# 12 volt battery won't run laptop



## danoon (Dec 20, 2006)

The power went out for a few hours last week so I drug out the optima yellow top and checked it out. It was charged at 13 volts so I figured I'd plug the laptop into the 500 watt/4.2 amp inverter after plugging the wifi modem into the "Power on board" unit. I have used the optima for LED lights and tried the ham radio on it but never tried using the laptop with it. 
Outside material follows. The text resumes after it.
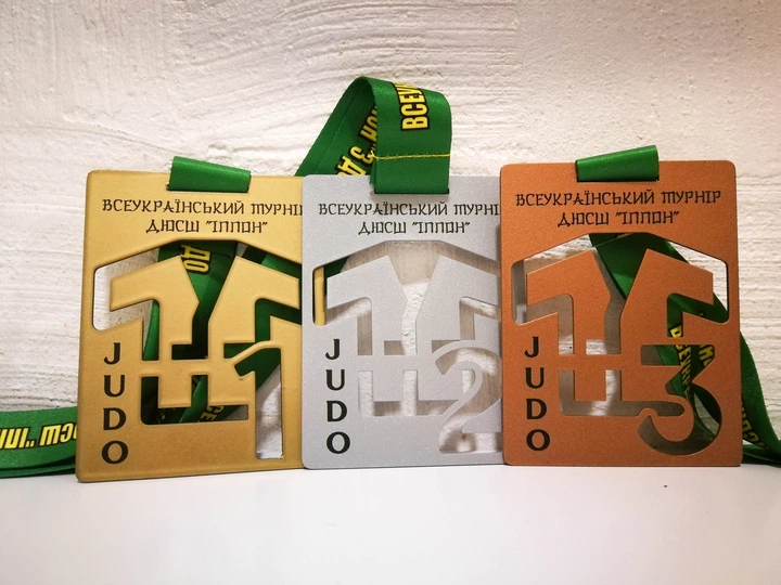 Комплект медалей "E-Trophy" з металу Judo з текстом

Well.. the laptop died in the middle of the start process... it was then that I noticed that both of my laptops are 19 volts [never noticed this before].
It looks like I need another battery to run the laptop... do I connect them making a 24 volt system? Meaning I would have to buy a 24 volt inverter?
Money is pretty short right now but I would like to have access to the laptop if the power goes out.


----------



## Rick (May 10, 2002)

Doesn't sound right. If you are using a 120 volt inverter to power a laptop, the 19 volt power supply or transformer should not enter into it. How many volts was the inverter showing when the laptop died. I suspect it was below the inverters minimum.


----------



## HermitJohn (May 10, 2002)

Get a car power adapter for your laptop. It will be more efficient than the 120V adapter plus the inverter. I have however run my laptop both ways and both should work.


----------



## wy_white_wolf (Oct 14, 2004)

Is it a modified sine wave inverter? I've seen laptops not startup before when using a modified wave inverter. Don't know why as the conversion back to DC means it shouldn't make a difference. 

I have to agree with HJ, get a 12VDC adapter for the laptop.

.


----------



## 12vman (Feb 17, 2004)

I'd load test that battery and make sure it's OK. 

I would suggest an auto adaptor also. I've been using one for years..


----------